Notably, as with so many of these data series, household debt as a percentage of GDP changes in the mid 70's. It had actually declined from the mid 60’s to the mid 70’s, but took off around 1976-7.
While Chart 9 shows the increasing desperation of the U.S. consumer, it also shows how reliant U.S.economic growth became upon debt growth. This reached a peak in 2008, when a spectacularly leveraged U.S.consumer led to the spectacular Global Financial Crisis.
Chart 10: U.S. Consumer Credit v. GDP
In Chart 10, above, the top pane shows consumer credit (the white line) and U.S. GDP (the yellow line) and in the bottom pane shows the ratio of consumer credit to GDP. It is taking more and more debt to produce the same amount of growth.
Ultimately, this is unsustainable, because at some point the revenue cannot support the debt. This should explain why the Federal Reserve refuses to allow a selloff in the credit markets, which would (at least temporarily) stop the flow of credit to consumers and companies.
If you look at headline consumer price inflation (“CPI”), it has been relatively tame. This is a legerdemain, inflation has been defined away in the U.S. While it is true that not all goods have experienced high inflation, the big ticket items that constitute middle class success and aspiration, have.
To wit: medical, education and housing costs have risen exponentially, while energy and food costs have not.
An alternative to headline CPI is The Chapwood Index. This index shows inflation rising by about 10 percent per year on average in most of the 50 largest U.S. cities. While some dispute this alternative index, I believe it more accurately reflects the costs of items that most households have to buy, even if it is not perfect.
An example is helpful.
My first year of college, 1988, cost about $8,000 for tuition, room and board. I paid for most of that with my football scholarship, however, typical students (or their parents, more likely) had to pay for it by other means.
The same education now costs $52,000 per year.. That's an annualized inflation rate of 5.84 percent over 33 years.
Over that same time period inflation (as measured by headline CPI) increased by an average of 2.5 percent, less than half the rate of the same college education.
The Federal Reserve
The Federal Reserve has aided and abetted in the destruction of the middle class.
After Paul Volker broke the back of inflation in 1980 every time inflation reappeared, Fed governors have raised interest rates. While this is a macro prudential policy, there is a terrible flaw in it. Roughly half of inflation comes from wages, thus if you suppress inflation, you suppress wage growth.
Chart 11: Federal Reserve Repression of Real Wages
As can be seen in Chart 11, above, hourly wages were $20.27 in 1964 and $22.65 in 2018, an 11.7 percent increase in real terms. This means that over 54 years (almost three generations), real wages barely increased.
At the same time, lower inflation (and the lower interest rates that followed), helped increase financial asset prices.

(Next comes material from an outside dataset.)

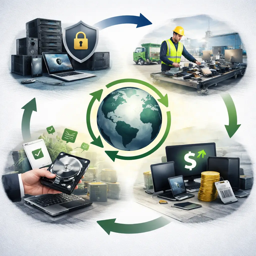 A ECOTRADE oferece um serviço completo de ITAD (Gerenciamento do Ciclo de Vida de Ativos de TI), garantindo que seus equipamentos sejam gerenciados de forma eficiente, segura e sustentável, desde o momento em que se tornam obsoletos até o descarte final.
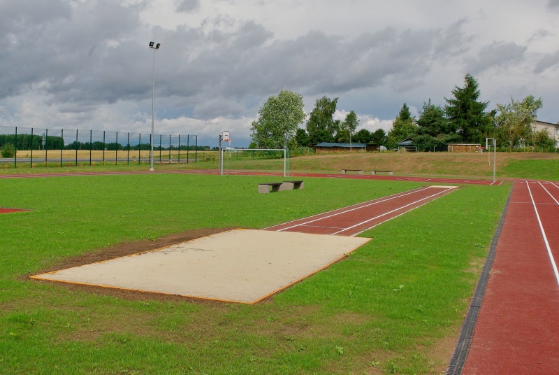 Längdhoppsbox utan sand avsedd för förskolor och skolor. Modell KHK01 är anpassad för barn 2–6 år med mått 3 × 1,6 m. Modell KHK02 är avsedd för skolbarn 6–15 år med mått 7 × 2 m. Vid montering ska ett fritt säkerhetsområde med minst 2 meters radie lämnas runt boxen. Rekommenderat underlag är packad granitsand eller gummiunderlagsmaterial.

Thus, by being vigilant on inflation, the Fed capped wage growth and inflated financial assets. This is the number one policy reason for the coup attempt.
In short, working class people have not experienced real wage growth, but the rich have seen their assets explode higher in value.
Because of the distribution of asset ownership, this meant that one percent of the country saw their assets increasing in value and 99 percent of the country slowly had the oxygen sucked out of their finances.
Democracy is a faith-based system. And by the way, so are currencies, and countries, and countless other institutions that we take for granted.
If enough people stop believing in the system, it stops. If you are a blue collar worker and make the same real wage as your grandfather, you probably don’t have much belief in the system.
There are millions of Americans in this very situation right now. Some of them ended up scaling the walls of the Capitol building on January 6, 2021.